Task directions -> Exactly reproduce the lines of the listing below from the one containing "تُعد كاميرا داش" through the one containing "男性向けラノベタイトル風あだ名 | 『魔弾の王とまきこうすけ』 |". Skip the images.

Material to process ->
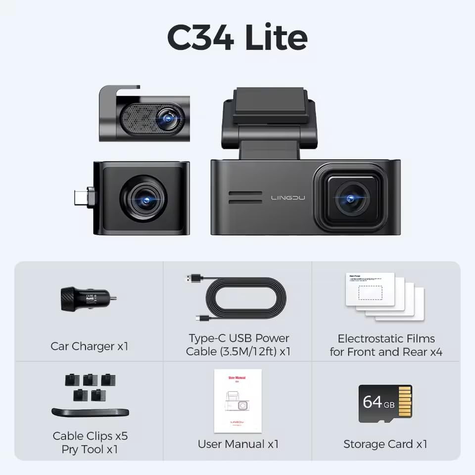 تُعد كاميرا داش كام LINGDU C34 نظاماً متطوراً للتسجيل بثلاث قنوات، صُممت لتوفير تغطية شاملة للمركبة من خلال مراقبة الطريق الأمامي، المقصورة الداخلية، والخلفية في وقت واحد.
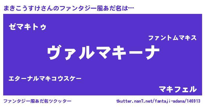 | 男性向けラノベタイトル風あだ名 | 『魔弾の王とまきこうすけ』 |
---
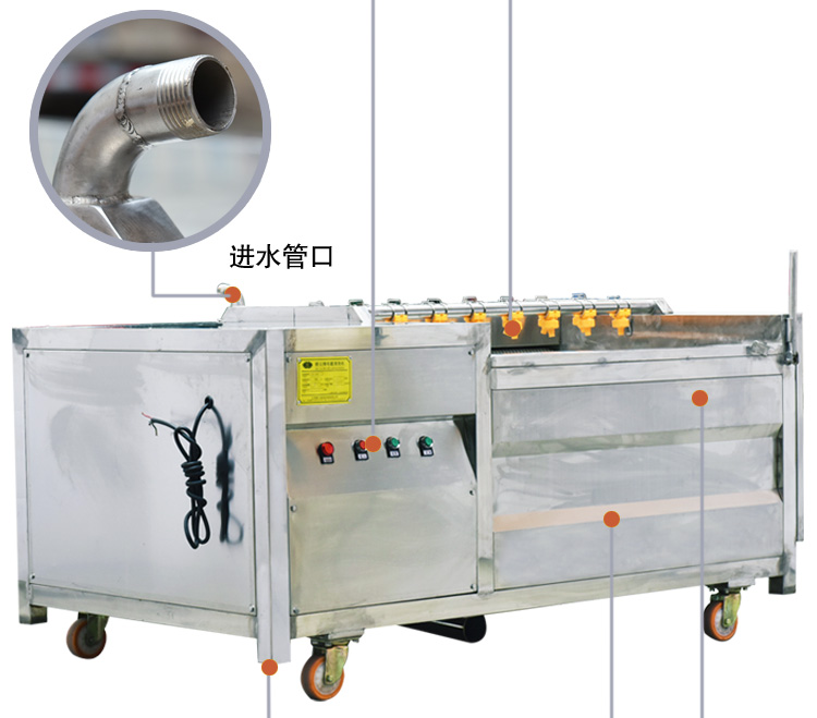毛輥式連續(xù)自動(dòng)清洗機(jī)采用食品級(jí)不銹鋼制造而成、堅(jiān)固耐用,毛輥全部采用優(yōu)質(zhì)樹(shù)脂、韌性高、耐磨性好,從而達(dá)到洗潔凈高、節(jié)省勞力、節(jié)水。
==
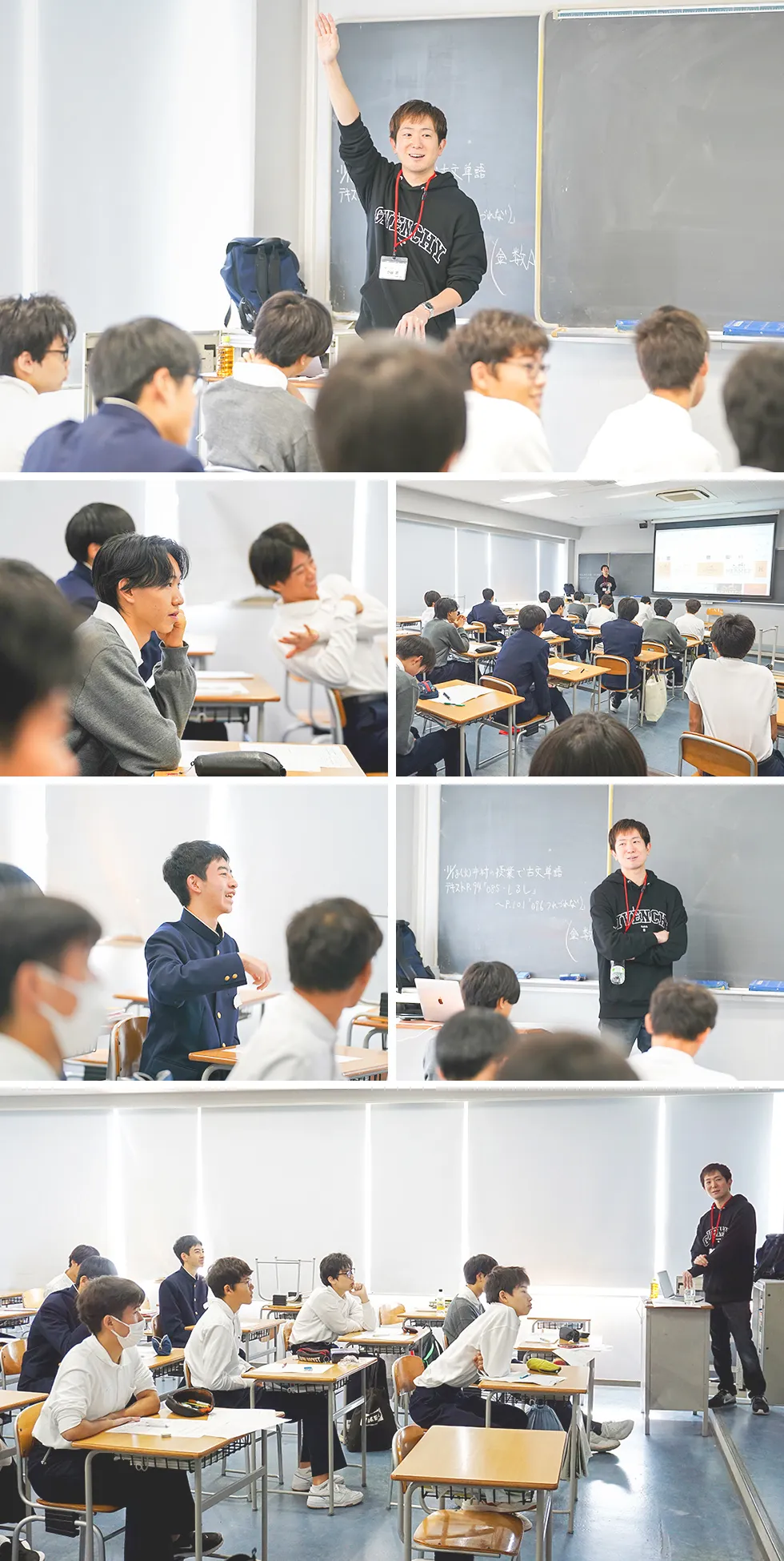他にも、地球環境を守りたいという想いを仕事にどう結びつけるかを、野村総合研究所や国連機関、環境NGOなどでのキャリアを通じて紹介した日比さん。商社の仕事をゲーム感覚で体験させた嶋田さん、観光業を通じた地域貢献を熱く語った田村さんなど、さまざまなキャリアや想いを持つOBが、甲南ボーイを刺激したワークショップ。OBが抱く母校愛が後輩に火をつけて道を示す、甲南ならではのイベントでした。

Task result ->
 تُعد كاميرا داش كام LINGDU C34 نظاماً متطوراً للتسجيل بثلاث قنوات، صُممت لتوفير تغطية شاملة للمركبة من خلال مراقبة الطريق الأمامي، المقصورة الداخلية، والخلفية في وقت واحد.
 | 男性向けラノベタイトル風あだ名 | 『魔弾の王とまきこうすけ』 |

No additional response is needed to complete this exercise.